As for the genocide of the Jews: During Carneval in February, young boys armed themselves with small bangers they called Judo-Fürze, 'judo-farts'. When I enquired about this strange term I was told in a confidential voice that they used to be known as Judenfürze, 'Jew Farts', but that word… ahem… was now history.
Our next-door neighbour, at the end of the war a very young teenager living in northern Germany, had been drafted into the SS in the final weeks of the war. At the first opportunity he stole a bicycle and rode all the way to his home in southern Germany. We talked about many things, but never the Jews.
Many German writers preferred to write about other things, their readers had had enough of Total War and Trummer, 'rubble' – leave the stones of the rubble unturned. There were some exceptions, one of the most outstanding being Heinrich Böll.
Böll described as no other the trauma of the war and the double moral standards in the period of the 'Economic Miracle'.
[…]
The experience of war and German guilt stand in the midpoint of all his writings. What distinguishes him from the other founders of [the literary association] 'Group 47' is above all his Catholicism and his insistence on moral questions. In his earlier stories, some of which were only published after his death in 1985, he took as an unmissable theme, in contrast to almost all the other contemporary writers, the German mass murder of the Jews.

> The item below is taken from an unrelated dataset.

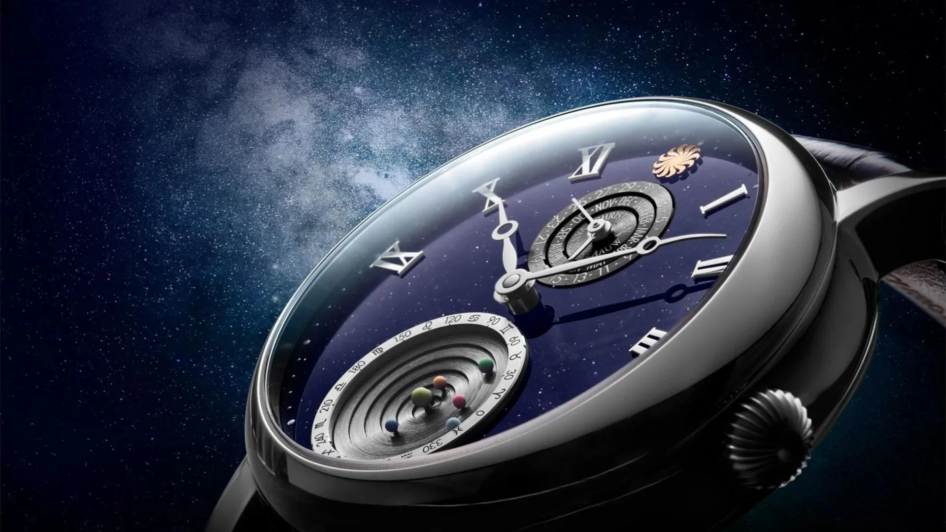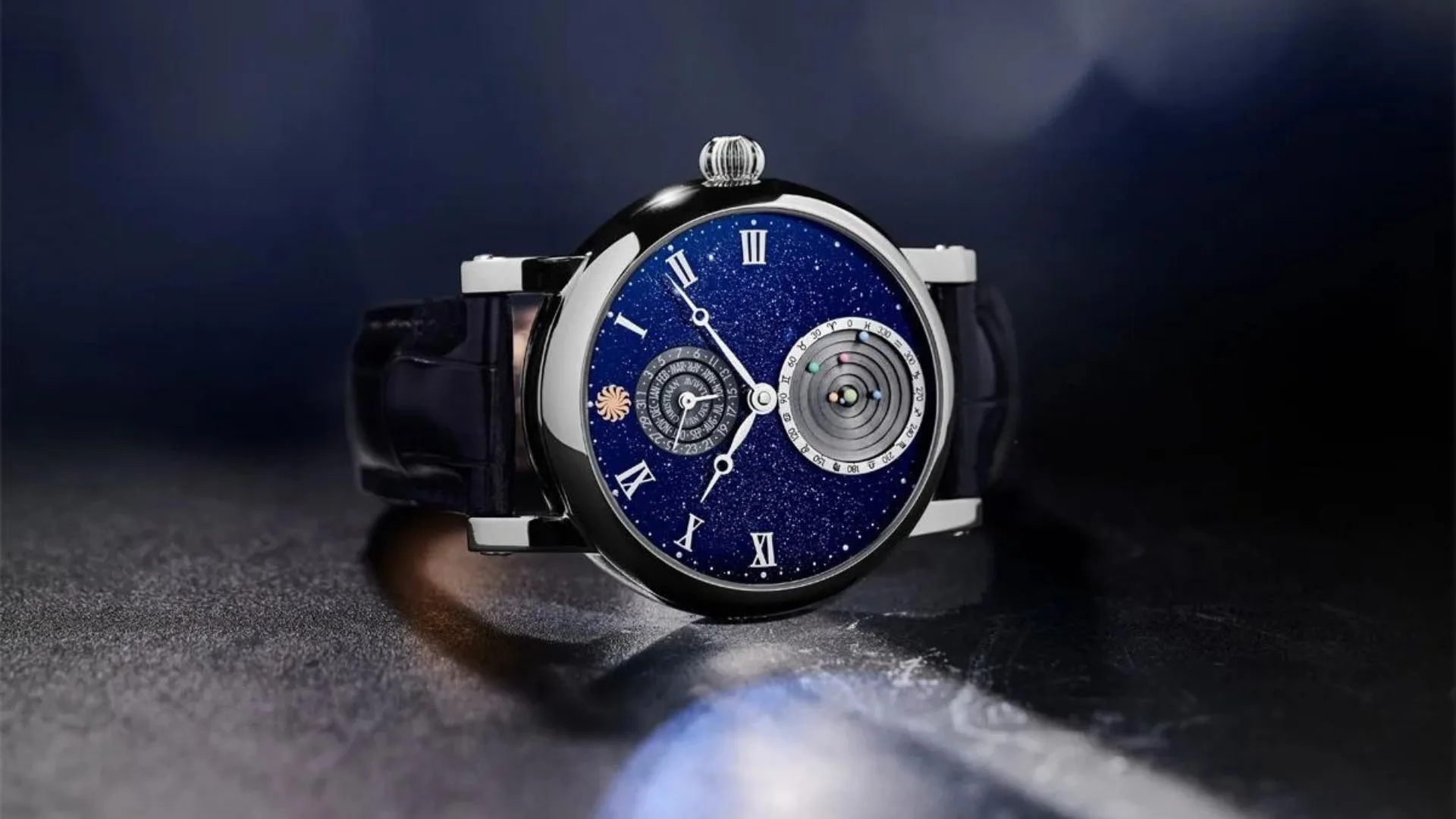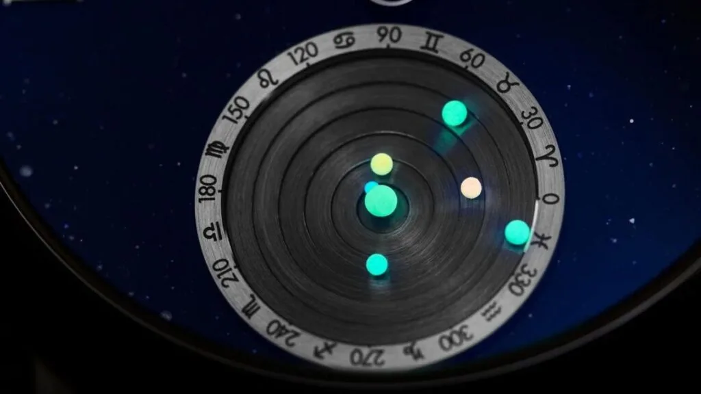The starry Aventurine dial of the Planetarium Prometheus presents a celestial spectacle with our solar system incorporated as a horological complication. What the device’s creators describe as the smallest mechanical planetarium is perched on the lower sector of the watch face; this feature also brought CVDK the GPHG Calendar and Astronomy Watch Prize back in 2021.

Böll beschrieb wie kein anderer das Trauma des Krieges und die Doppelmoral in der Zeit des »Wirtschaftswunders«.
[…]
Die Kriegserfahrung und die deutsche Schuld stehen in all seinen Texten im Mittelpunkt. Von den Gründern der Gruppe 47 unterscheiden ihn vor allem seine katholische Prägung und sein Insistieren auf moralischen Fragen. In seinen frühen Erzählungen, die zum Teil erst nach seinem Tod 1985 veröffentlicht wurden, thematisiert er im Gegensatz zu fast allen Gegenwartsautoren unmissverständlich den deutschen Massenmord an den Juden.
From: Helmut Böttiger, Die Gruppe 47, ©2012 by Deutsche Verlags-Anstalt, München, ISBN 978-3-421-04315-3, p. 123.
It took quite some time for the Shoah, the Holocaust, to become a thing for the German public; not just the starvation and disease, the death camps, the gas chambers and the ovens, but the indescribably callous and brutal murder of millions of Jews, particularly in the east (for example in Babi Yar).
When it became clear and irrefutable that the genocide of the Jews was a deliberate political programme, as anyone who read one of the millions of copies of Hitler's Mein Kampf would/should have known, there were no excuses any more.